From piperazine dihydrochloride monohydrate you can form an ethanolic solution of piperazine monohydrochloride that can be used for the alkylation with benzylchloride:

Ethanolic Piperazine Monohydrochloride

In a 500ml beaker dissolve 23g of sodium hydroxide in 250ml of ethanol with mixing at a temperature of ~60°C. While still hot slowly add 100g of piperazine dihydrochloride monohydrate and stir for an hour and then let it cool at room temperature. Then suction filter the solids (NaCl) and wash them thoroughly at least three times with ~70 ml of ethanol. The combined filtrates are then concentrated to a volume necessary to get the concentration of piperazine monohydrochloride to above 2 mol/L (i.e. below 280ml). A vacuum pump is a good idea but merely distilling off the ethanol will do it. The volume of the warm solution is measured accurately and the concentration of piperazine monohydrochloride is calculated based on the 0.565 mol of piperazine dihydrochloride monohydrate used at the beginning. The solution is over saturated so warming is necessary prior any use to dissolve the crystaline piperazine monohydrochloride.
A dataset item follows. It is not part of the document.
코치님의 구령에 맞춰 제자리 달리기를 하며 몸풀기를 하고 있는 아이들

Now you have the ethanolic solution that can be used in the known BZP synthesis. This procedure avoids the tedious isolation of the hygroscopic piperazine hexahydrate - it is highly water soluble, very hygroscopic and you can never be absolutely sure about the piperazine content.

The raw product BZP monohydrochloride can be recrystallized from isopropanol. If you don’t like the smell of it you can form the odorless and more nicely cristaline BZP dihydrochloride by dripping an molar equivalent of conc. hydrochloric acid to the suspension of BZP monohydrochloride in isopropanol (or acetone), mixing it for 30min and filtering it off.
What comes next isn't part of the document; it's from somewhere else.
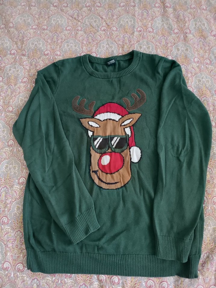 Yuvarlak yaka, uzun kollu, yeşil triko kazak. Renkli nakışlı geyik deseniyle, rahat ve salaş kesime sahip. Günlük ve parti kullanımı için uygundur.

The procedure from Org. Synth. (the one above) does yields almost only the monoalkylated product even in the raw product (the hydrochloride functioning as a protecting group and the precipitating dihydrochloride making sure the piperazine in solution is always a monobasic salt). But in case anybody is concerned about the possible contamination with N,N’-dibenzylpiperazine I can confirm it does not have any noteworthy acute toxicity up to doses of 300mg (as a dihydrochloride) though I don’t know about any possible chronic toxicity. Since the yield of the above preparation of the ethanolic solution is only assumed to be 100%, assuming it to be 95% might be better, thus contaminating the product with the harmless piperazine hydrochlorides instead of the less known dibenzylpiperazine. In any case the piperazine dihydrochloride will be left over while recrystallising the product from isopropanole. It will however take some hydrochloric acid from the BZP monohydrochloride thus somewhat lowering the yield of the recrystallisation.